* Posts by Bruce LaDuke

1 publicly visible post • joined 9 Jul 2007

Brit fumes over Wikipedia, lava lamps

Bruce LaDuke

The Emperor has no Clothes

New knowledge and original research is openly censored in Wikipedia, and in my experience its editors seem to be proud of it. As such, it can never have the latest, greatest knowledge. It is at best an historical record of past 'experts' created by self-proclaimed 'experts' who are looking more at the Wikipedia rule book than they are at logic.

In effect, Wikipedia is a snapshot of the scholastic chaos that has been created by a global educational system that has abandoned practical application for concepts and principles. It does a good job of recording the disparate mess of knowledge our current global band of 'experts' has created with no purpose in mind.

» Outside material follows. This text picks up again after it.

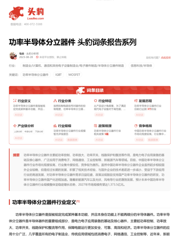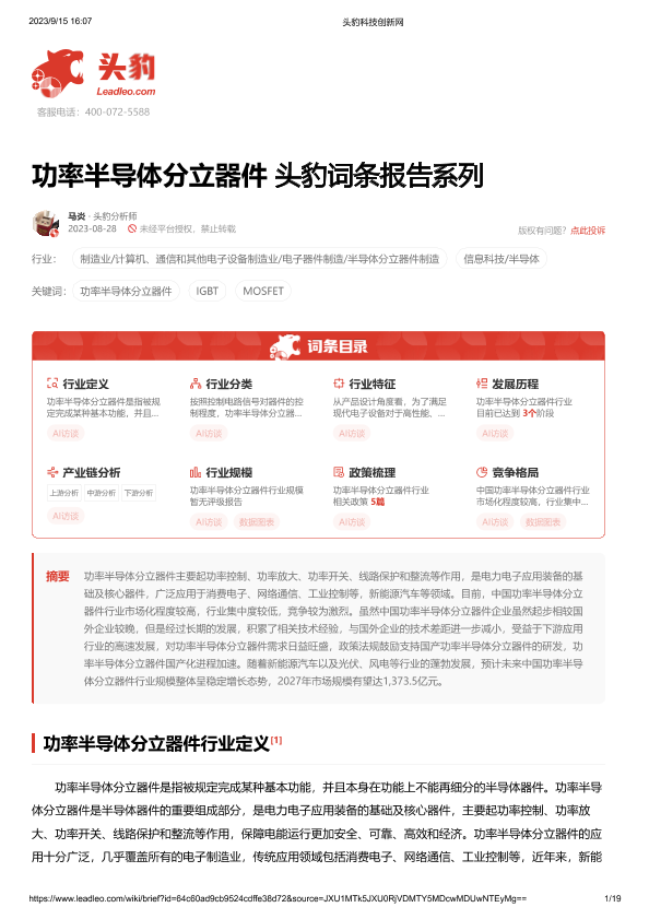 【头豹研究院】【20231023】功率半导体分立器件 头豹词条报告系列-19页
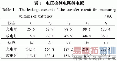 在实际使用过程中,为了保证10倍电压衰减的精度,电阻R采用33kΩ (1%精度) 。因为高精度的大电阻需要专门订做,而且贵。在实验中电池组的性能出现了明显的衰退,如图2所示。在前52次循环(0.5C充放电) 中,电池组中,单体电池的放电截止电压出现了很大的差异,随着循环的进行,按次序"排队"的现象比较明显,而且在第30次循环左右,电池组还没有放电到30V时,第1只电池的电压就已经处于过放电保护状态,从而导致了电池组的放电终止,电池组容量突然减少。为了验证是检测线上的漏电流所导致的,52次循环后,把电池组中的第1只和第10只电池进行交换后,继续进行循环实验,结果发现:第10只电池的放电终止电压稍有下降,而第1只的放电终止电压有了很大的提高;由于原来的第1只电池不再处于过放电保护状态,而使第2只电池处于过放电保护状态。以上实验说明:在电压检测电路中有一定的漏电流存在,对此进行了测量,结果如表1。

If you look exhaustively at the term 'creativity' as an example, the term has scores if not hundreds of definitions across disciplines, and the number is growing every year. These definitions are often contradictory, but most often these are 'slight variations' as one moves from one discipline to another. The result is knowledge chaos, that wikipedia seemingly dutifully, but not completely, records.

If I want I'm sure I could go out and add a hundred or so other existing 'expert' opinions on the term. But I'll suffer the wrath of the editors if I try to make some sense of this definition soup. For you see, Wikipedia is not interested in solving the problem of too many disparate definitions, it instead tries to amalgamate the chaos of unintegrated scholastic 'expert' opinions into one article full of disparity, error, and chaos as it exists today in academia.

Our entire global educational system is founded on this concept of expertise, and yet no one can agree on a definition. That because expertise is political, not logical. Wikipedia and its sister Citizendium are just showing our world clearly that they concept of expertise is bogus and that what we really need is a rational logic test akin to scientific method to 'prove' knowledge.

Knowledge is one, so the concept of the wiki is a powerful concept. But that said, as long as knowledge building is rooted in the politics of expertise instead of logic (in academia or online), society will simply fall deeper into knowledge chaos and undo complexity.

We used to be able to absorb this chaos, but today, new knowledge is being created at an exponential pace and as such, our methods for managing it are breaking down. The entire 'discipline' of knowledge management is toothless and lame in the face of this problem. It is a weak variant of instructional design that does not comprehend practical application, the basic principles of economics, or the entire lifecycle of knowledge.